A equipe inteira do hospital também necessita de treinamentos para evitar constrangimentos com a família e a mãe. “Dos médicos até os seguranças. Eles, por exemplo, podem perguntar de forma invasiva, como ‘ai, cadê seu bebê?’, ou ‘você já levou o bebê para mamar?’ e ouvir isso pode machucar muito a mãe.”

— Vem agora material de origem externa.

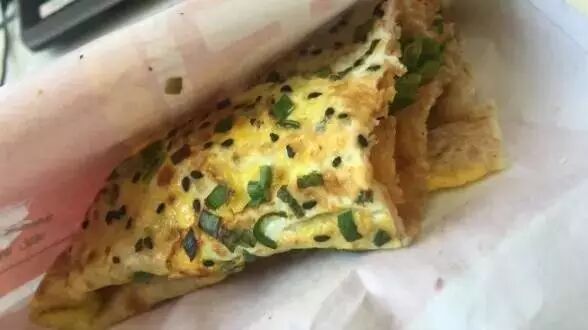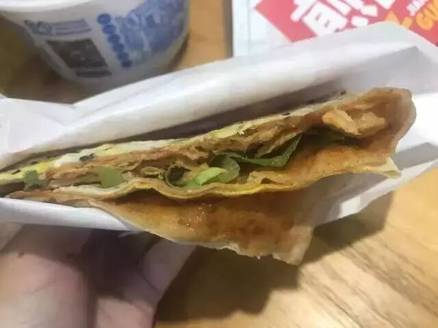 马记的鸡蛋灌饼表皮金黄酥脆,饼里面的鸡蛋也是香的够味,撒上少许葱花,加上干净的生菜,只看着就很有食欲。
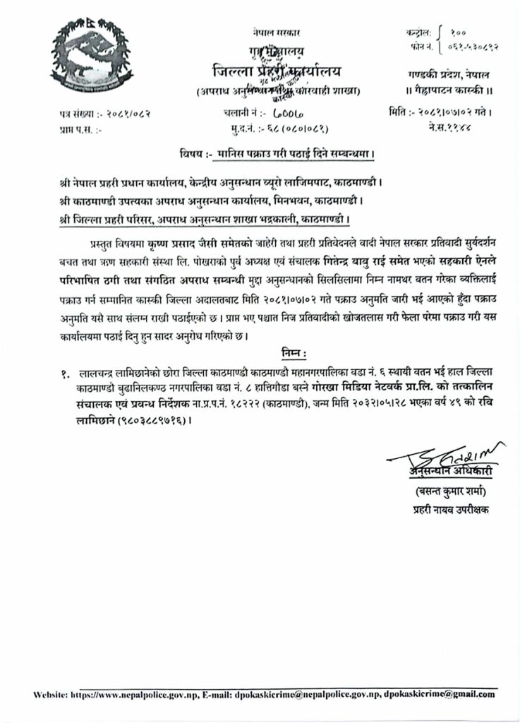 राष्ट्रिय स्वतन्त्र पार्टीका सभापति रवि लामिछानेलाई पक्राउ गर्न कास्की प्रहरीले नेपाल प्रहरीको केन्द्रीय अनुसन्धान ब्युरो (सिआइबी) लाई पत्राचार गरेको छ ।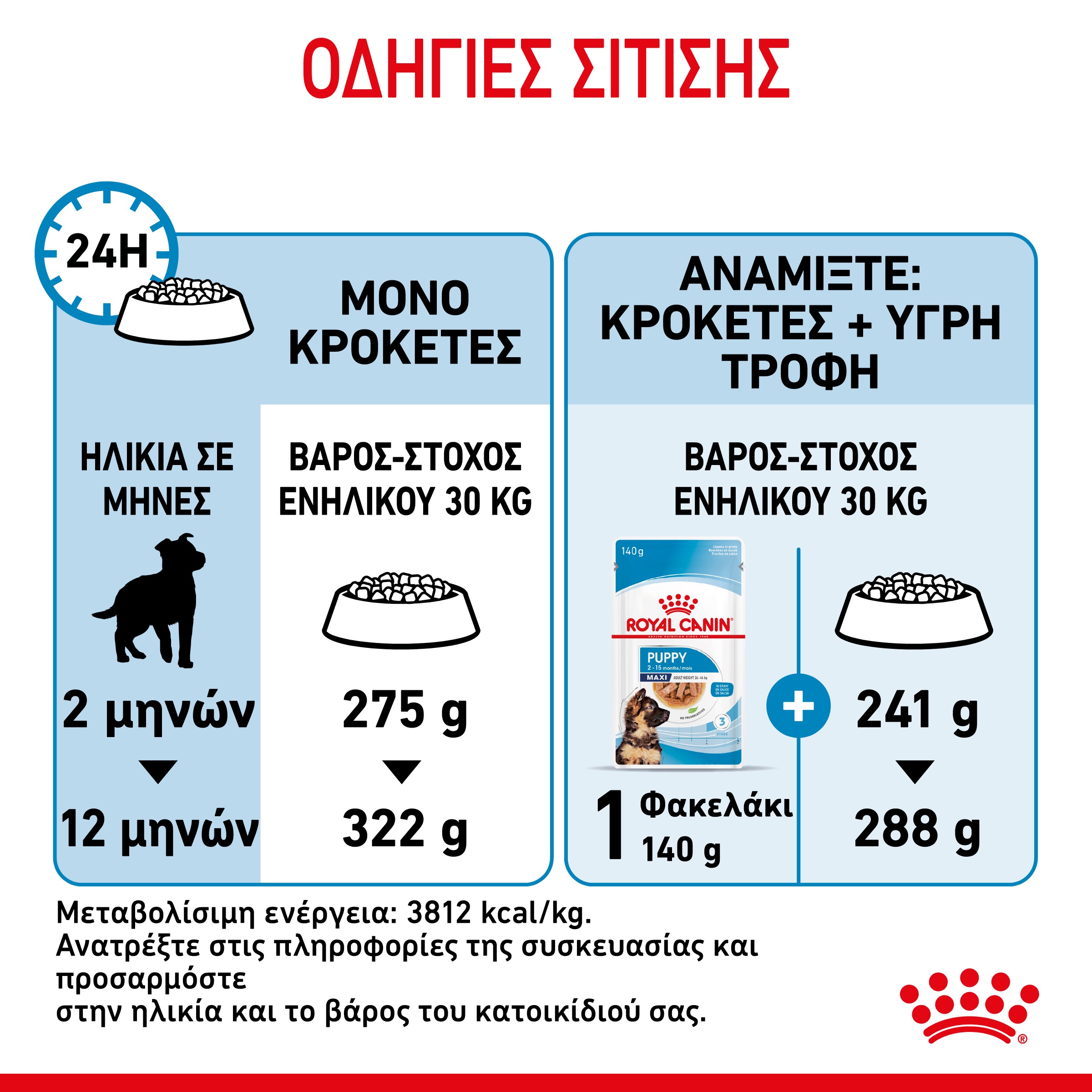 Καλύπτει τις μέτριες ανάγκες σε ενέργεια των σκύλων μεγάλου μεγέθους που έχουν μακρά περίοδο ανάπτυξης.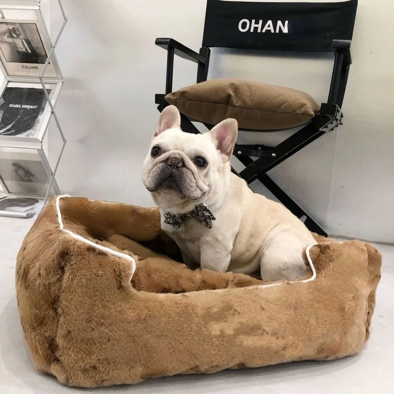 Дизайнерская кровать для собаки, зимняя меховая теплая собачья кровать для средних и больших собак, шикарная собачка чихуахуа с модным принтом французского бульдога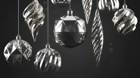 Stunning silver ornaments with intricate designs create a festive atmosphere, perfect for holiday decorations and seasonal celebrations in a cozy winter setting.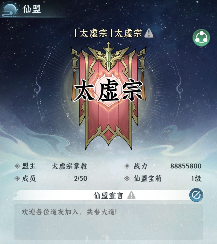 加入仙盟后,掌教师叔在宗内建设建筑或参悟研究时会自动向仙盟发起求助,盟内成员可集体调动太虚之力为其进行帮助,每次帮助都能缩短建设或研究所需的时间,可显著加快宗门发展。

O papel dos profissionais de saúde nessa situação é, primeiramente, saber como se comunicar adequadamente. Isso envolve utilizar termos e palavras adequadas, além de fornecer explicações diferentes de acordo com a pessoa que está à sua frente, levando em consideração seu nível de informação e dificuldade de compreensão. O objetivo é saber comunicar a morte e os procedimentos de forma eficaz.
“É importante não fazer inferências sobre o que a pessoa deseja. O profissional não pode assumir que é melhor a família não ver o bebê apenas porque acha que ela está traumatizada, por exemplo. Em vez disso, o profissional deve apresentar as possibilidades, explicar os riscos e benefícios e permitir que a pessoa faça sua escolha.”
Uma resposta negativa por parte da família, como não querer ver o bebê ou não querer criar memórias, não deve ser considerada definitiva para os médicos. Heloisa explica que quando se trata de luto, é necessário tempo e oportunidade para que as famílias possam compreender o que aconteceu.
“Muitas dessas famílias chegam à maternidade com a expectativa de levar o bebê para casa, não de enfrentar um enterro. Portanto, é importante oferecer tempo para que a família possa processar a situação, explicar e proporcionar suporte adequado”, finaliza.